I managed 40-odd transactions and got 100% positive feedback, and I even got a little yellow star next to my seller ID. Suddenly, out of nowhere, I got an email from someone accepting the ‘second chance offer’ I had made them for a guitar – a Gibson Les Paul Gold Top for £700. I have never owned one of these, never had one on eBay and certainly wouldn’t sell it for £700! I emailed the prospective buyer and said so.
Then I got another email, similar to the previous one, only this time I had apparently offered someone a Rolex Oyster for £500. Shortly after that, I got a series of very threatening emails from someone who had apparently sent me £800 via Western Union demanding to know where their goods were. I reported all this to eBay, who immediately suspended my account.
Then I got a series of spoof emails purporting to be from eBay asking for my bank/credit-card details to reinstate my suspended account. I reported these spoofs to eBay. They sent me a bill for over £300 (which I refused to pay). They keep sending me bills for this £300, and they have referred the ‘debt’ to a collection agency.
Throughout this saga (which has been going on for 18 months), it has proved impossible to contact eBay. Any emails are dealt with by auto-responder, and on the rare occasions that a human gets in touch, they refer me to a section of the eBay site that I can’t access because they have suspended my account! (They claim you can still get access, but you can’t; you can’t contact them to tell them you can’t because... the account is suspended). Their security is a shambles and their customer service a joke, so I would advise extreme caution in any dealings with them!
GAN is excellent, however!
Best regards,
Ian Morton-Jones
Stuart Maclaren replies:
I sympathise with you, Ian. I have personally found buying and selling to be relatively trouble-free during the twenty months that I have been trading, but I know that others have not had such a nice time of it.
There is no doubt that security is a real problem on eBay, and it seems to be getting worse. In the last few months I have seen more and more sellers adding statements to their listings to the effect that ‘we never give second chance offers’, while others are taking advantage of the fact that you can hold anonymous auctions where the bidder’s identities are protected (from the seller as well as from other buyers, interestingly).

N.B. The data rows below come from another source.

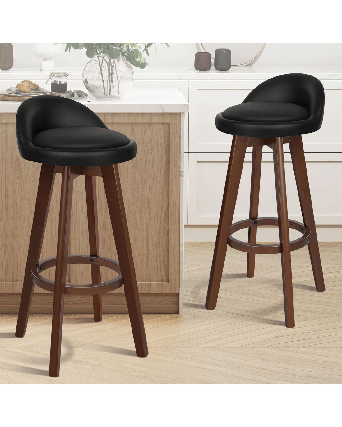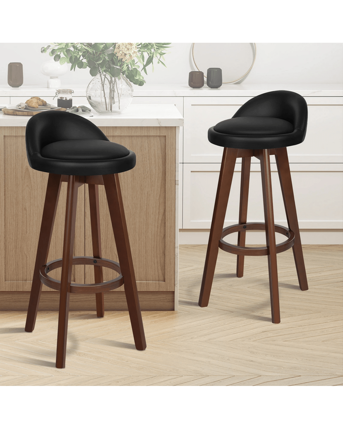 Sold by Aussie Union GroupAlfordson 2x Bar Stools Liam Kitchen Wooden Swivel Chairs Black - Black
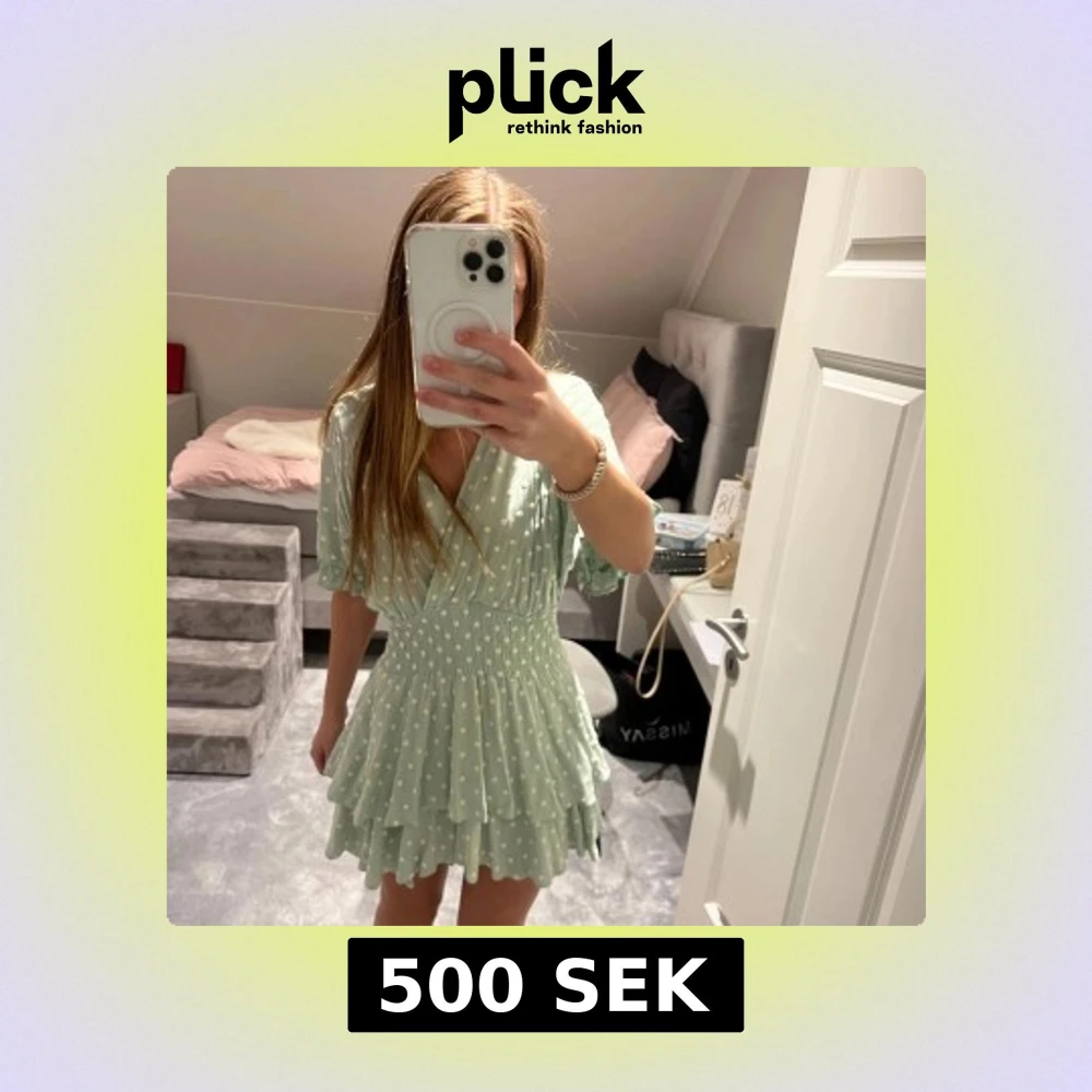 Superfin ljusgrön klänning med vita prickar från Zara. Klänningen har korta ärmar, v-ringning och volangdetaljer i kjolen. Perfekt för vår och sommar och skolavslutningar! Bilderna är lånade💗
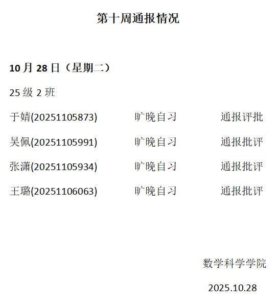 yL23411永利集团2025——2026年度第一学期第十周通报情况
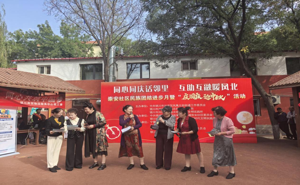 当中秋的明月遇上国庆的朝阳,当邻里的温情撞上民族团结的暖流,五星红旗与民族特色装饰交相辉映,空气中飘着月饼的香甜与居民的欢声笑语。2025年9月26日在国庆与中秋双节将至的喜庆时刻,崇安社区联合宁夏开放大学继续教育学院、宁夏社区教育指导中心在崇安社区唐徕小区二组团一场以“同心同庆话邻里,互助互融暖凤北”为主题的民族团结月暨双节庆祝活动,正在这里为各族居民开启一场“家”的聚会。
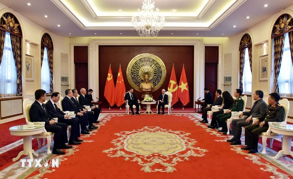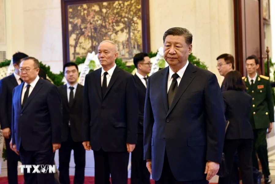 | Tổng Bí thư, Chủ tịch Trung Quốc Tập Cận Bình cùng Đoàn lãnh đạo cấp cao Trung Quốc viếng Tổng Bí thư Nguyễn Phú Trọng. Ảnh: Thành Dương/PV TTXVN tại Trung Quốc |
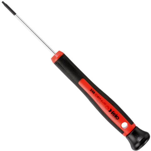 FELO Torx műszerész csavarhúzó, kétkomponensű csúszásmentes markolattal. A markolat végén elhelyezkedő szabadon forgó sapkának köszönhetően a súrlódás minimálisra csökken. A markolatban található furat segítségével könnyen tárolható a szerszám és egy másik FELO csavarhúzó segítségével extra nyomaték érhető el. Méretei: T5, penge hossza: 60 mm, penge átmér

The reason for these precautions is that, as you say in your letter, spoof emails are common and identity theft is not unknown. Indeed, while I have been putting this edition of GAN together I have received another email purporting to come from eBay, which said:
Dear eBay user,
We have ended the following auction(s) on your account as they appear to have been listed by a third party without your authorization:
2486194040 Harley-Davidson : VRSC : VRSCA
2486164312 Harley-Davidson : Touring : Touring FLH
2485662048 Volkswagen : Beetle (Pre-1998)In order to resolve this matter, please click here to verify your account information:
Thank you for your patience in this matter. Regards, Customer Support (Trust and Safety Department) eBay Inc
Which is darned cunning, especially because it seems that you are being warned about potential fraud, little knowing that by logging on and giving the hackers all your eBay information you are being taken in by one! This is just the latest and most cunning of these email messages, but there have been many others.

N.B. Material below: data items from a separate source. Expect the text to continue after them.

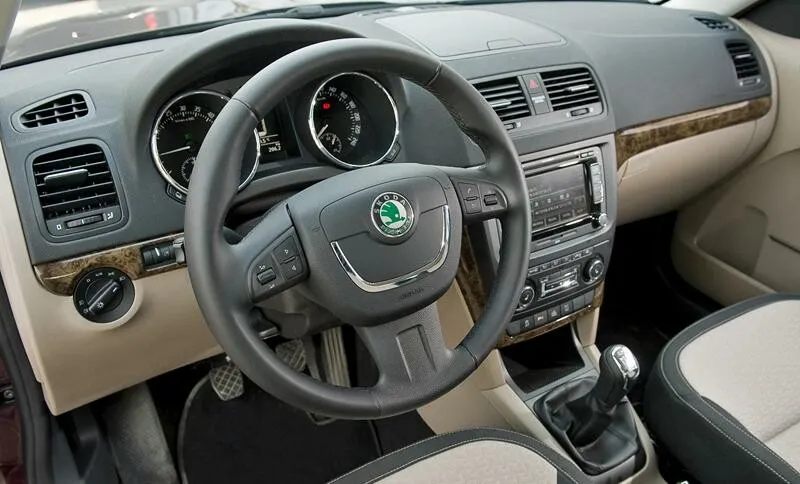 Интерьер Skoda Yeti особо ничем не выделяется. Ведь интерьер выполнен в классическом и строгом стиле, который присущ большинству автомобилей Volkswagen. Лаконичный салон хорош тем, что интерьер ничем не перегружен и понятен всем, кто оказался в автомобиле.
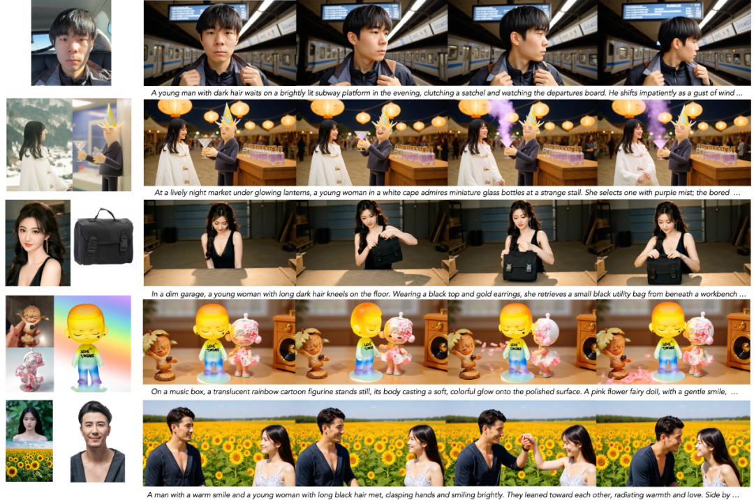 图|Kaleido的S2V生成,涵盖单人和多人场景中的人物、物体及可控背景生成。
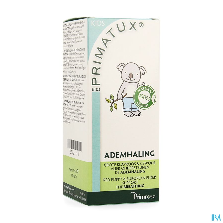 Primatux Kids est un complément alimentaire liquide avec édulcorant à base de grand pavot, de pois d'Angole et de sureau commun. Le grand pavot et le sureau favorisent la respiration.
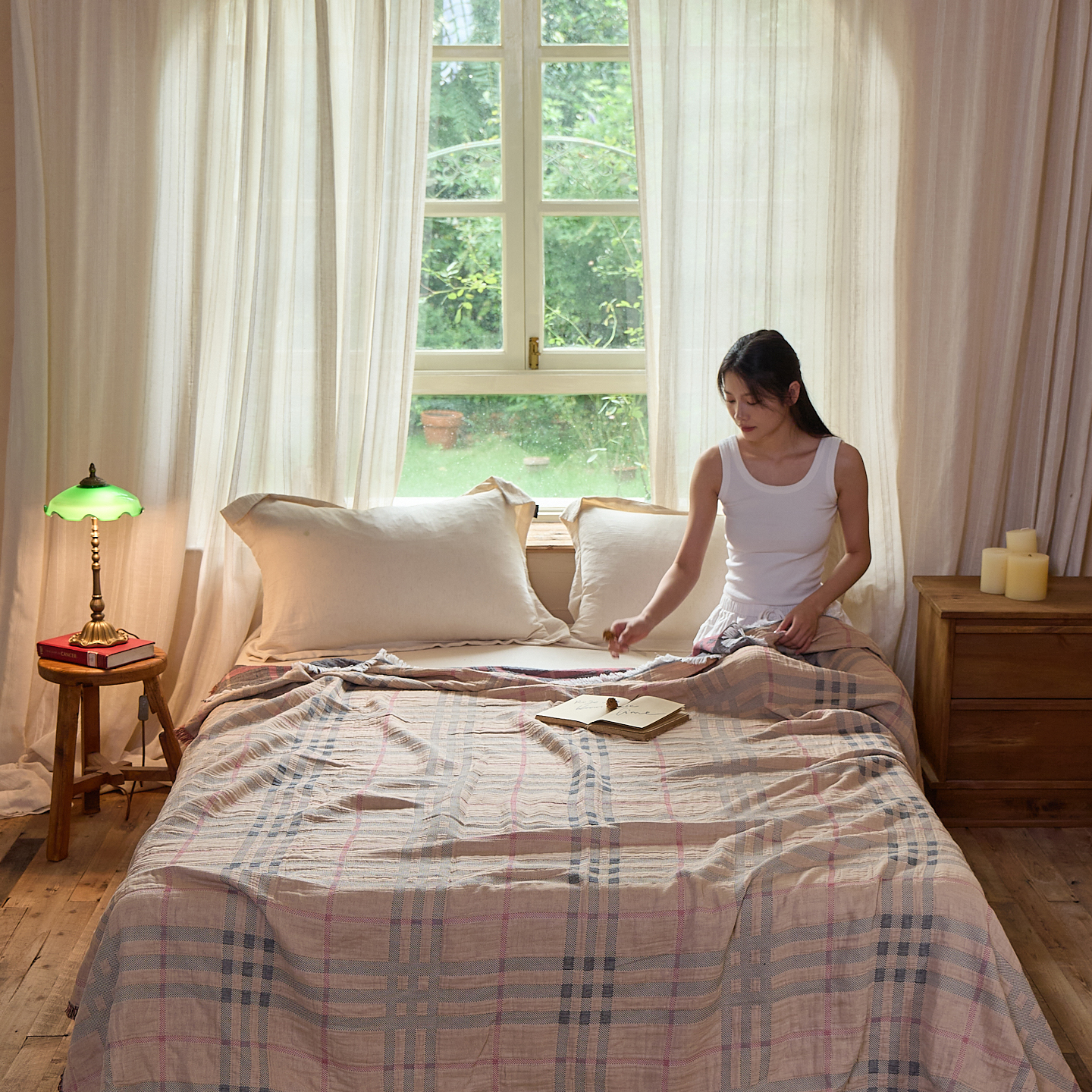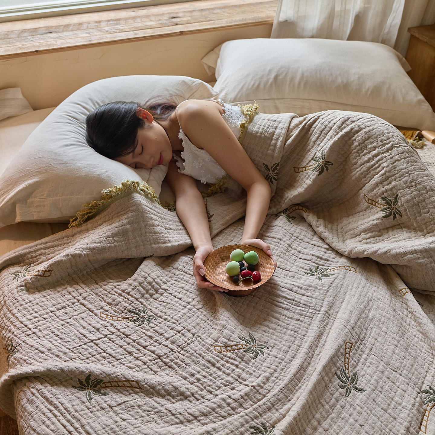 (总)沐瑟家纺 2025新款简约风多功能纱布盖毯纱布毯子毛巾被床盖沙发巾单毯枕巾枕套三件套,H本色,H橙色,H咖色,大马士革本色

I think that eBay do their best to stop it happening (they employ something like 800 people to deal with security alone), but whatever they are doing doesn’t seem to be making very much difference. As for their customer service, I agree that it is very poor indeed. Every time I have had a minor query, the only response on offer has been an automated message of some sort, and that really isn’t good enough.

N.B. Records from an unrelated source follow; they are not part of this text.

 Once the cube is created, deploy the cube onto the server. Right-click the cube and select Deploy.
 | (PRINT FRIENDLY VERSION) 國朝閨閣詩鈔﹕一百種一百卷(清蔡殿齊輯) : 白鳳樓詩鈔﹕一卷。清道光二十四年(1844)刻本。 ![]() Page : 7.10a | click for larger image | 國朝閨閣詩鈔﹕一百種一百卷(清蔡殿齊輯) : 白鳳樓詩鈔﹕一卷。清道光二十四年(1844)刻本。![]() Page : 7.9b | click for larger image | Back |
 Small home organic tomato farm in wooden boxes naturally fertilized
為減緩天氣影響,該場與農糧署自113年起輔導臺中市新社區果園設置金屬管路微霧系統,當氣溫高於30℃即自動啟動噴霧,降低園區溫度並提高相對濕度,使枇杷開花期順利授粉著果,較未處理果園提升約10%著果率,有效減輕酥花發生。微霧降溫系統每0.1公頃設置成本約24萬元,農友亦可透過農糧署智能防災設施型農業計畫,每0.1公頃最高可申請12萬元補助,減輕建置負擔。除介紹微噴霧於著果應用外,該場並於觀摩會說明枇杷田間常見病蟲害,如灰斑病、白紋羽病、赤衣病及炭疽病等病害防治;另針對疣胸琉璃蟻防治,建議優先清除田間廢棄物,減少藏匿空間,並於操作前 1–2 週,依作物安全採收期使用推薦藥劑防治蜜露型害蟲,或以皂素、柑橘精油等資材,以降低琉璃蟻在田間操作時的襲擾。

The clever thing about eBay, as they admitted on a recent edition of The Money Programme (if memory serves), is that they make hundreds of millions of pounds without having to store, sell or transport anything – we do all the work. They act as an electronic version of a postcard in the window of a sweetshop – nothing more – and it seems as if that is all they want to be.
I hope that £50 will be some small recompense for your troubles and that it will help you in your fight against the might of eBay. Do write again and let us know how it all pans out. The rest of us will simply have to ignore any emails that ask us for sensitive information and keep a close eye on all our eBay accounts, keeping a special look out for strange messages or unusual activity.
Thank you for your kind words about GAN, though – no spoofs here!